Chuck Weber (born April 25, 1958) is an American former professional stock car racing driver. He has previously competed in the ARCA Re/Max Series for 9 years and earned 4 top-10 finishes, including a pole at Michigan Speedway in his final season in 2006.

Racing career
Weber made his ARCA Bondo/Mar-Hyde Series debut in 1997, driving his self owned No. 24 Chevrolet at Gateway International Raceway, finishing 21st. He would make two more starts that year with a best finish of 17th at Atlanta Motor Speedway.

In 1998, Weber would run 19 of the 22 races on the schedule, and achieved a best result of 11th at Winchester Speedway, and finished 12th overall in the series standings. In 1999, he would enter in all but one race that year, failing to qualify in four events, and had a best result of 12th at Flat Rock Speedway on his way to 14th in the standings.
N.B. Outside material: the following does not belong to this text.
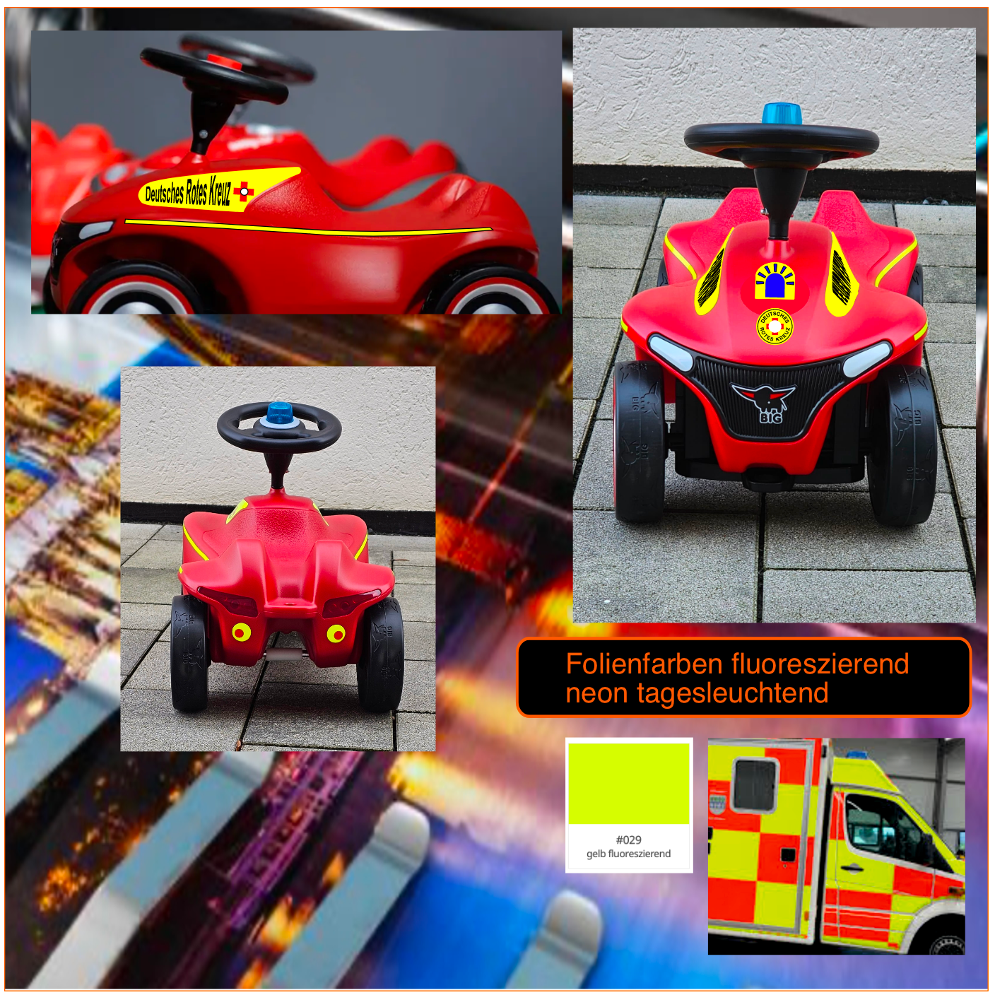 Deutsches Rotes Kreuz Bobby Car NEO , Aufkleber, neongelb tagesleuchtend flourezierend

Weber would run the full schedule in 2000, failing to qualify at both Lowe's Motor Speedway events, but matched his best standings result of 12th. In 2001, he would run the full schedule, this time running in all events that year with a best result of 12th at Charlotte and the DuQuoin State Fairgrounds Racetrack, on his way to seventh in the standings, his best points result. He would drop to 14th in the standing the following year in 2002, and would drop further to 15th in 2003, which turned out to be his final full time season in ARCA competition.

In 2004, Weber would run only four races and earned a season best result of 12th at Talladega Superspeedway in a collaboration with Andy Belmont Racing.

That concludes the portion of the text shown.